= Data provided =
******

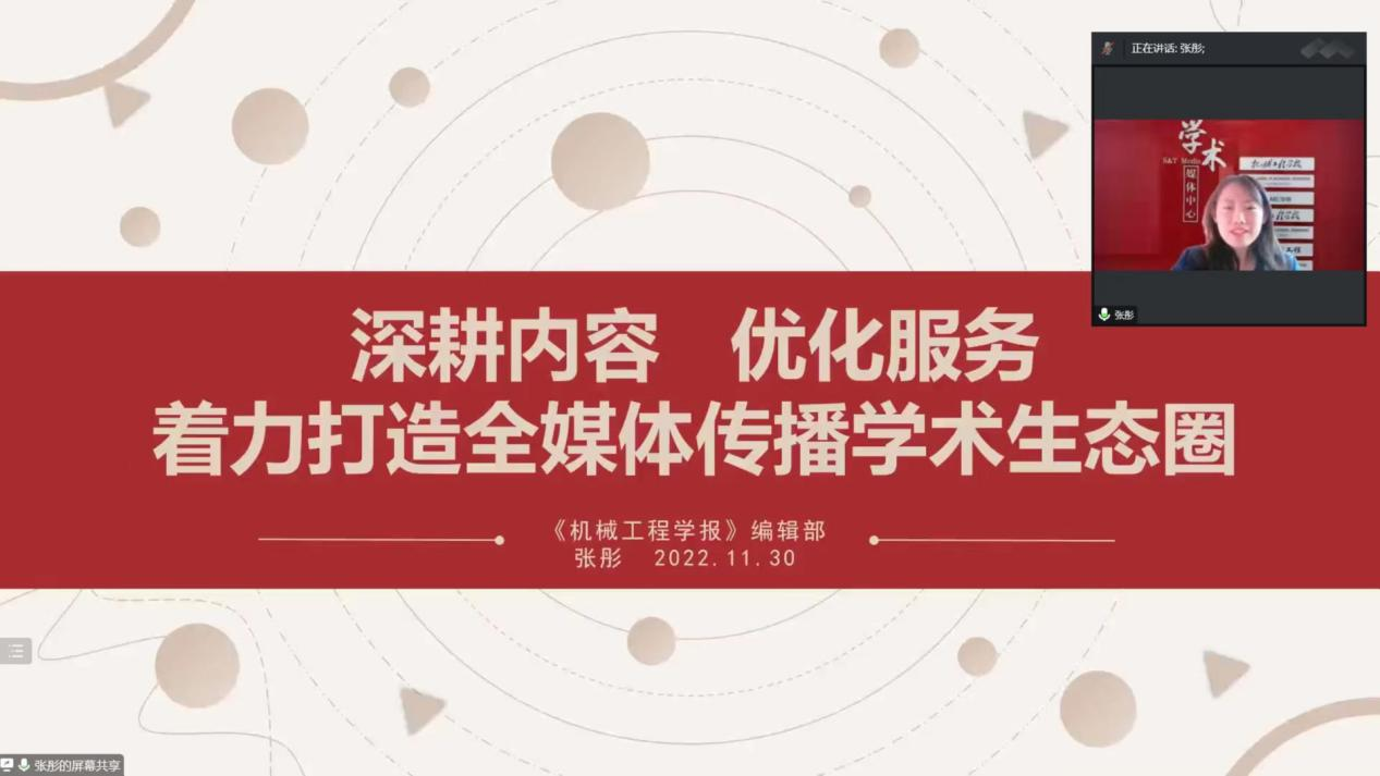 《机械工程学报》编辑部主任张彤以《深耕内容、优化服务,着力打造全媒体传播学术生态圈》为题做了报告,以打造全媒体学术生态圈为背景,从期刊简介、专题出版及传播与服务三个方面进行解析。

******

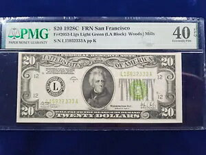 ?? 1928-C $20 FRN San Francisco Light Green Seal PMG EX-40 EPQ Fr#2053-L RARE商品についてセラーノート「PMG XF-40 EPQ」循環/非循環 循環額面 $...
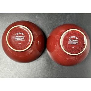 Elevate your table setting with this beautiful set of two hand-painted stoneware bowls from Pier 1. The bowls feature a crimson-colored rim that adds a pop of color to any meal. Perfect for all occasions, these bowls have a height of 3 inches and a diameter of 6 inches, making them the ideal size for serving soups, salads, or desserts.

******

= Exercise =
What belongs in the answer is each line above from the line with "EPQ」循環/非循環 循環額面 $..." to the line with "Elevate your table", inclusive, reproduced exactly and free of pictures.

= Answer to this task =
 ?? 1928-C $20 FRN San Francisco Light Green Seal PMG EX-40 EPQ Fr#2053-L RARE商品についてセラーノート「PMG XF-40 EPQ」循環/非循環 循環額面 $...
 Elevate your table setting with this beautiful set of two hand-painted stoneware bowls from Pier 1. The bowls feature a crimson-colored rim that adds a pop of color to any meal. Perfect for all occasions, these bowls have a height of 3 inches and a diameter of 6 inches, making them the ideal size for serving soups, salads, or desserts.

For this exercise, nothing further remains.